= Tamcan =

Tamcan or Tammukan was a local tribe of Delta Yokuts-speaking natives in the U.S. that once lived on the lower reaches of California's San Joaquin River in what is now eastern Contra Costa County and western San Joaquin County, California. The Tamcans were absorbed into the system of the Spanish missions in California in the early nineteenth century; they moved to Mission San José, near the shore of San Francisco Bay, between 1806 and 1811. At the mission, they and their descendants intermarried with speakers of the San Francisco Bay Ohlone, Plains Miwok, and Patwin Indian languages. Mission Indian survivors of these mixed groups gathered at Alisal, near Pleasanton in Contra Costa County, in the late nineteenth century.

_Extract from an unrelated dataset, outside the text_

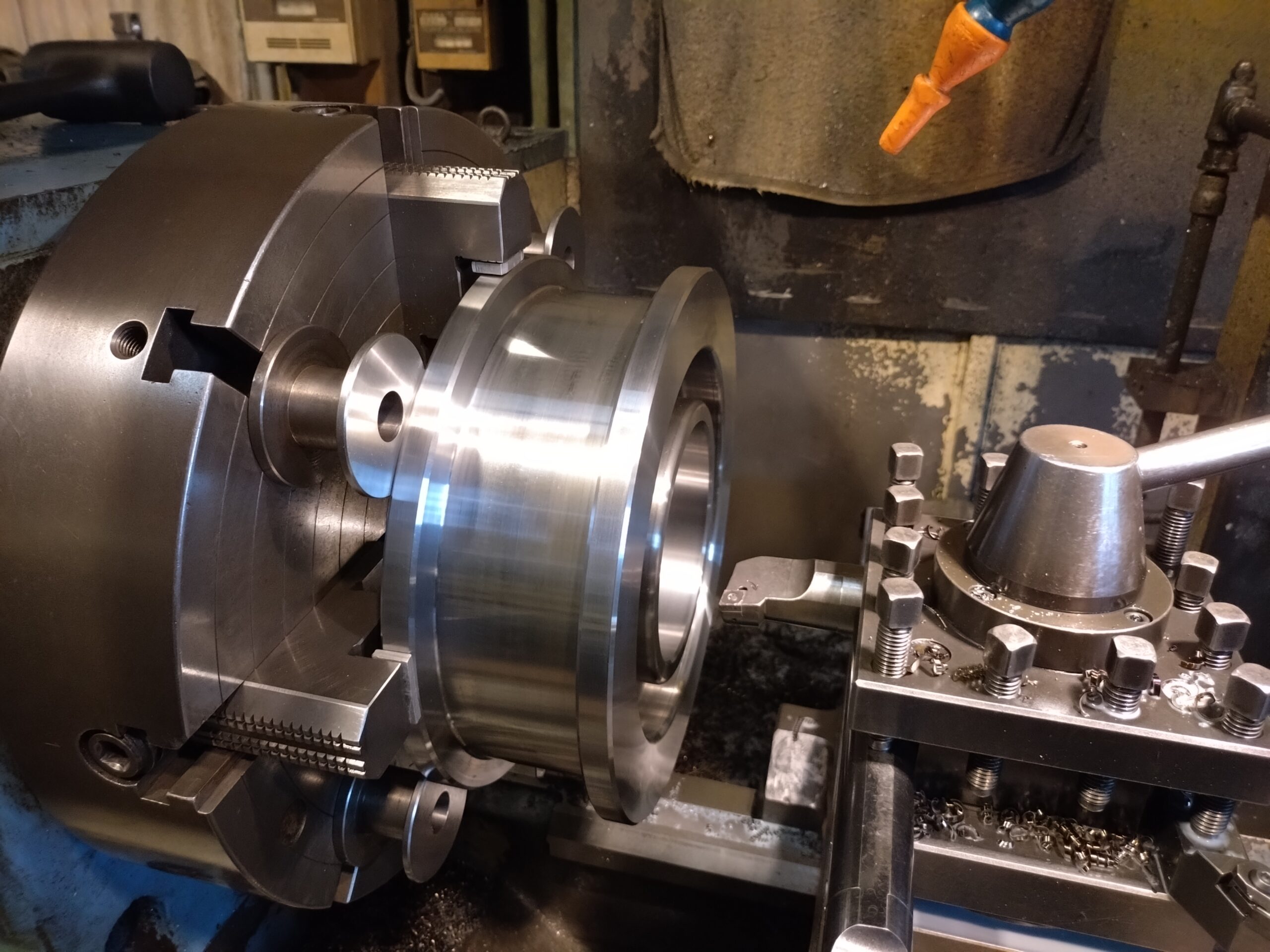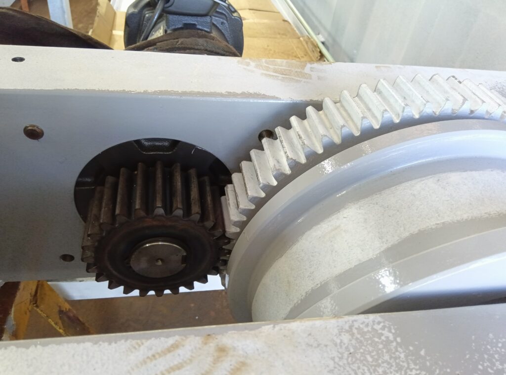 走行車輪はレールのサイズ、クレーンが走る速度に合わせて自社で製作しています。素材を旋盤で車輪や歯車へと削り出していきます。

It has been stated that Tammukan was a specific place, a lost city even. It is not known how that idea came about. However, Father Narciso Duran did use specific place markers for "Tamcan" and other "rancherias [communities]" along the San Joaquin River on his 1824 map of the native communities east of Mission San Jose.

==Location==
The Tamcan territory along the Old River of the lower San Joaquin River was probably no more than 12 miles in circumference. The names and locations of their specific villages were never documented. Bennyhoff was the first anthropologist to infer their location. He concluded that their main village was on the west bank of the San Joaquin River, east of Tracy and west of Lathrop in current San Joaquin County. Milliken, using marriage pattern data from the Mission San Jose ecclesiastical records and clues from Father Duran's 1824 Plano Topográfico of communities east of Mission San Jose, concluded that the Tamcan lived north of the modern town of Tracy, in the vicinity of the modern town of Byron, and on Union Island just to its east.

==Language==
The Tamcan spoke the Delta Yokuts language. The first Delta Yokuts vocabulary was recorded at Pleasanton, California by Alphonse Pinart in 1880. Pinart called the language "Tcholovones, or better Colovomnes" and wrote that it was a variant on the "Tulareños" languages spoken on the San Joaquin River and at Tulare Lake (now known to be the Yokuts language family). Pinart learned that the dialect was spoken not only by the "Colovomne", but also by the "Jachikamne, beside the town of Stockton, Pasasamne, Nututamne, Tammukamne, Helutamne, Taniamne, Sanaiamne, Xosmitamne." John Wesley Powell, in his 1891 synthesis Indian Linguistic Families of America North of Mexico, did not mention the Tammukan, but did include within the Mariposan language family a northern "Cholovon division" in "a small strip of territory on the eastern bank of the San Joaquin."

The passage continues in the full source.